Emptiness of Attention
2012, Real-time Video Loop, MDF, Motor, Kamera, Video Projector, 70 x 88 x 42 cm
“Today it is impossible to talk about the development of the audiovisual without also talking about the development of virtual imagery and its influence on human behaviour, or without pointing to the new industrialisation of vision, to the growth of a veritable market in synthetic perception and all the ethical questions this entails. […] primarily in relation to the philosophical question of the splitting of viewpoint, the sharing of perception of the environment between the animate (the living subject) and the inanimate (the object, the vision machine).” Paul Virilio, Die Sehmaschine, Merve, Berlin, 1989, p. 136
This thought formulated by philosopher, media critic and theoretician of speed Paul Virilio in “The Vision Machine” (title of the original edition: La machine de vision, 1988) more than 20 years ago could also have been the starting point for Bernd Oppl in his studies of awareness and artistic investigation into the conditions of perception. This idea is continued in his multimedia installations, where the objects – models of architecture and stage sets that seem to have been generated from our collective memory of film architecture – become subjects and turn into actors. The artist plays with his viewers’ conditioned perception, which has been schooled on the spatial strategies and possibilities of popular cinema. Doors, windows or stairs, for example, were often employed by Alfred Hitchcock as so-called “McGuffins”, objects that trigger tension and advance the action without being of any interest or significance in themselves. Bernd Oppl makes McGuffin into the leading actor.

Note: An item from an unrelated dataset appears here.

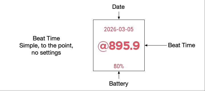 Initial release of an old Pebble app that I never got around to publishing when Pebble was now, but now that we are here for round 2 I'm inspired to share what I have. Very basic implementation of a Beat clock focusing on simplicity and a large font size.
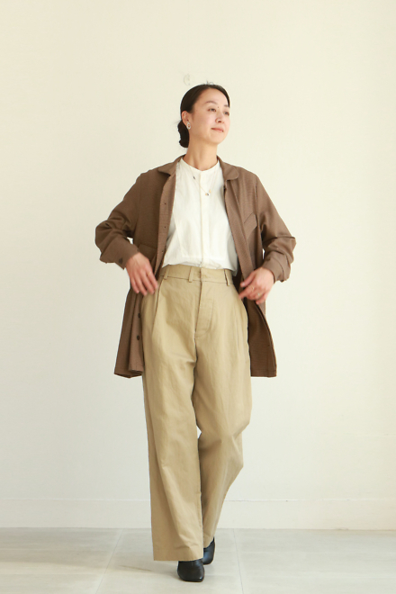 1枚仕立てで、気がるに羽織りやすく、Aラインのシルエットなので

Knowledge of the history of film and technology influences the settings, either directly or at times indi- rectly. The first film studio of Thomas Alva Edison, the “Black Maria”, was a simple black box, its roof opening in order to let in as much sunlight as possible, for the film material was not very light-sensitive. The whole building was set on a turning platform so that it could be directed towards the sun. The heavy kinetograph only permitted frontal shooting on the proscenium-type stage. About 35 years later, in Buster Keaton’s short film “One Week”, it was already possible to make a house of prefabricated components rotate. This house was the original for the architectural model in the installation emptiness of attention, 2012. Bernd Oppl used the cinematic montage as the pattern for a spatial model, which now rotates – embedded in a black cube -, alternately showing an interior and a facade element on its upper side. A camera has been placed inside the cube, i.e. hidden away; it records the side of the model that is not currently visible on the outside. This recording is enlarged and projected onto the gallery wall. The aban- doned house where something must have happened, as a table and chairs have fallen over, is in a state of perpetual rotation. There is no escape.